From 2025-26 tax year (6 April 2025 onwards), Winter Fuel Payments may need to be repaid where income exceeds £35,000. The claw back is made through the tax system for higher income individuals, bringing it into line with other means-tested benefits.
Under the new rules, individuals with adjusted net income above £35,000 will see the Winter Fuel Payment gradually withdrawn. The mechanism mirrors other claw back charges in the tax system, with the repayment collected through Self-Assessment or PAYE, rather than by reducing the payment at source.
The withdrawal operates by applying an additional tax charge once income exceeds the £35,000 threshold. As income increases beyond this level, the effective marginal tax rate rises sharply, as part or all of the Winter Fuel Payment is repaid through the tax system. For those affected, this can result in marginal tax rates that are significantly higher than the standard Income Tax bands would suggest.
Adjusted net income includes most forms of taxable income, such as pensions, employment income, rental profits, and investment income, after deductions for items such as pension contributions and Gift Aid donations.
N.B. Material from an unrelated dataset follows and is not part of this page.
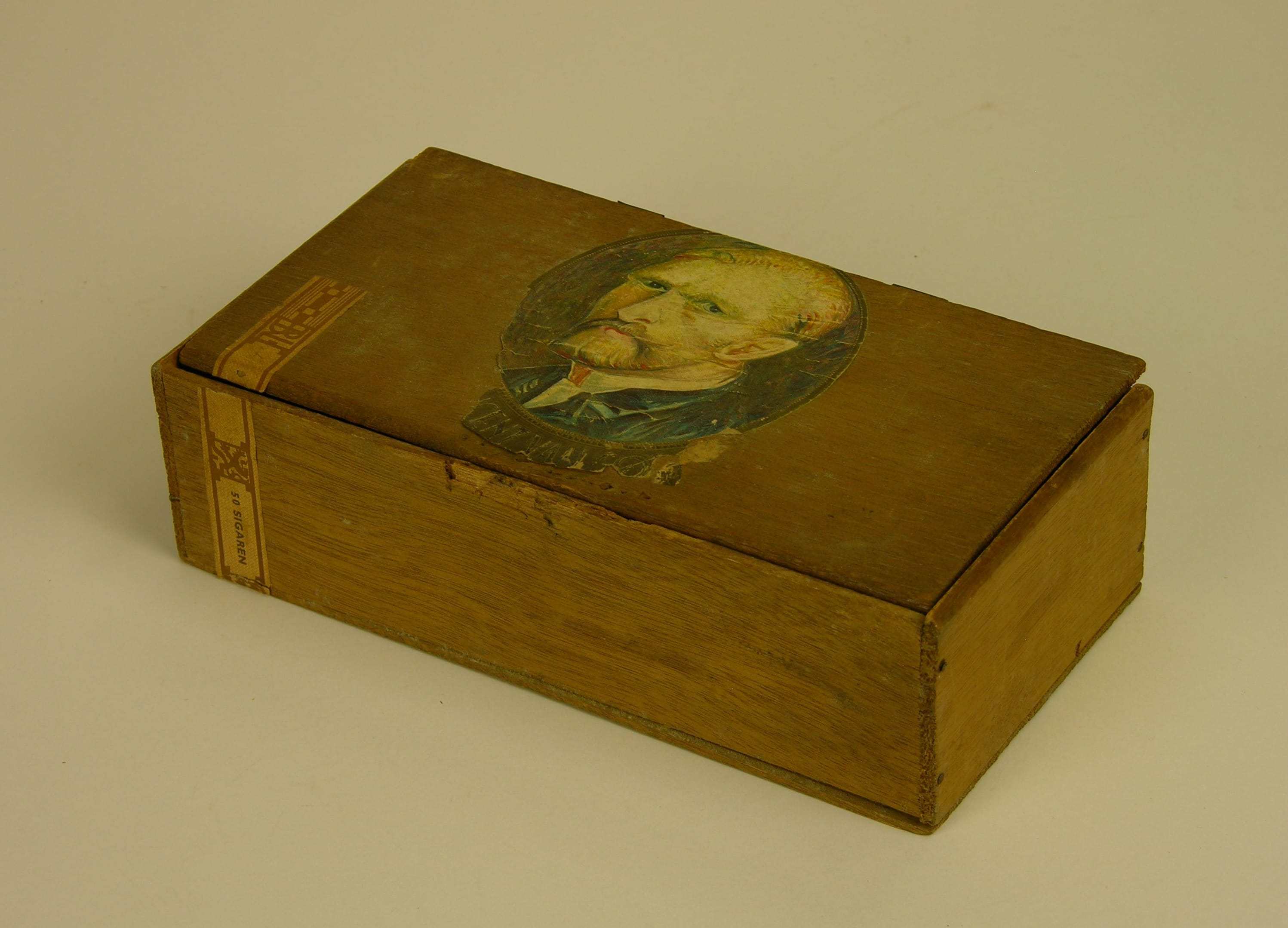 Sigarenkistje 'Vincent van Gogh' - 2e t/m 3e kwart van de 20e eeuw, materiaal: hout, metaal en papier, afmetingen: 6 x 20,8 x 10,4 cm, op het (losse) deksel een lithografisch portretmedaillon met een portret van Vincent van Gogh, accijnszegel: '50 sigaren prijs f 6.50', deksel uit de scharniertjes

As with other claw back charges, careful planning around these deductions can reduce or eliminate the repayment.
Many pensioners may be drawn into Self-Assessment for the first time as a result of this change, particularly where income fluctuates around the £35,000 level. Failure to report the charge correctly may lead to penalties and interest charges.
The Winter Fuel Payment claw back highlights the growing complexity of the tax system and the importance of reviewing income regularly. Early awareness allows affected individuals to plan ahead and avoid unexpected tax bills.